In standby mode the spa's heater will switch on frequently in order to maintain the set water temperature within a tolerance. Heater wattage can be as little as 1500 W as for our model or up to 6000 W. The circulation pump will have to work while the heater is operated.

According to equation (1) the 1200 ltr spa water are heated up by 0,96°C per hour using the 1500 W no-fault heater (assuming 100% efficiency).

The heater has to compensate the heat loss of the spa through its insulation. We have estimated from published Hotspring data a specific spa standby efficiency of U_spec = 7,5 W/K for the model Sovereign.

For an ambient temperature of 8,2°C and a spa temperature of 39°C the heat loss 'P_HL' of the spa calculates by

P_HL = 7,5 W/K x (39,0 - 8,2)K = 231 W or 5,54 kWh per day incl. the circ pump

It has to emphasised that this assumed 'U_spec' represents a very good energy efficiency which is unsurpassed by most of the other spas.
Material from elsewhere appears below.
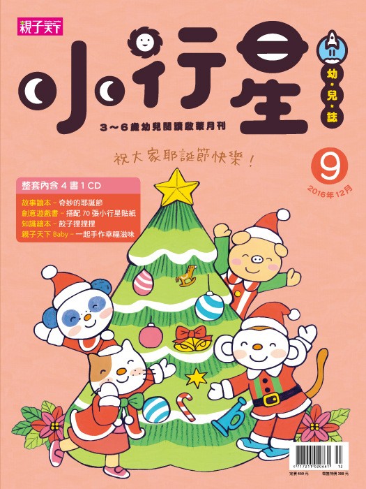你相信世界上真的有耶誕老公公嗎?你期待他駕著雪橇來送禮物嗎?在本期「故事讀本」中,有「奇妙的耶誕節」、「小精靈的耶誕禮物」、「呵呵呵!我是耶誕老公公」等關於耶誕老公公的故事,以及英文童謠「Star Light Star Bright」,要帶領小朋友進入閱讀的想像世界裡,學習體諒、感恩和回饋。 耶誕節,還會讓你聯想到什麼呢?這次要解開巧克力的祕密,邀請爸媽和孩子一起動手做巧克力薑餅人,也玩《餃子捏捏捏》的遊戲,或是參考《親子天下Baby》主題企劃,到親子烘焙友善店家,一起手作幸福的甜蜜滋味。 在迎接12月的到來,同時也準備送走2016年。回想過去的這一年,你的願望都實現了嗎?面對新的一年,你有哪些新的期待呢?希望所有小朋友的夢想都能成真喔!

CLEAN cycle before using the spa

Prior to using the spa it is recommended to add some sanitizer and run the jet pump on a specific CLEAN cycle (which is approx. 10 min.). There is only one jet pump in the Sovereign, which however, we feel sufficient enough. The jet pump operates simultaneously with the circulation pump, ozonator and the spa control and draws approx 2100 W.

The 10 min CLEAN cycle before each usage consume additionally 0,35 kWh  (2100 x 10min/60min/h)

Using the spa

For using the spa the cover will have to be removed, exposing the hot water to ambient air. The heat loss of the uncovered spa is significant and is a summary of

• heat transfer between water surface and ambience
  
  
• evaporation of spa water (under investigation)

The heat transfer via the unmoved water surface alone can be calculated by equation (2)

(2) Q = α A ΔT_LW

with

• α, the heat transfer coefficient for an unmoved water surface:
• α = 10,7 W/m²K (wind shielded) or
• α = 12,7 W/m²K under wind exposure
  
  
• A, the exposed area of water surface: A = 3,2 m²
  
  
• ΔT_LW, the temperature difference between ambience and spa water:
• ΔT_LW = 31 K (from spa temp 39°C minus average ambience 8°C)
  
  

For our test model a "αA"-value of 37,44 W/K can be calculated, resulting in an average heat loss of 1086 W assuming unmoved water and ΔT_LW = 31 K!

At an ambient temperature of -10°C the heat loss amounts to 1835 W!

At an ambient temperature of +25°C the heat loss amounts to 524 W!

First measurements have revealed an energy loss of approx. 3 kWh for a 30 min usage (AT approx 0°C).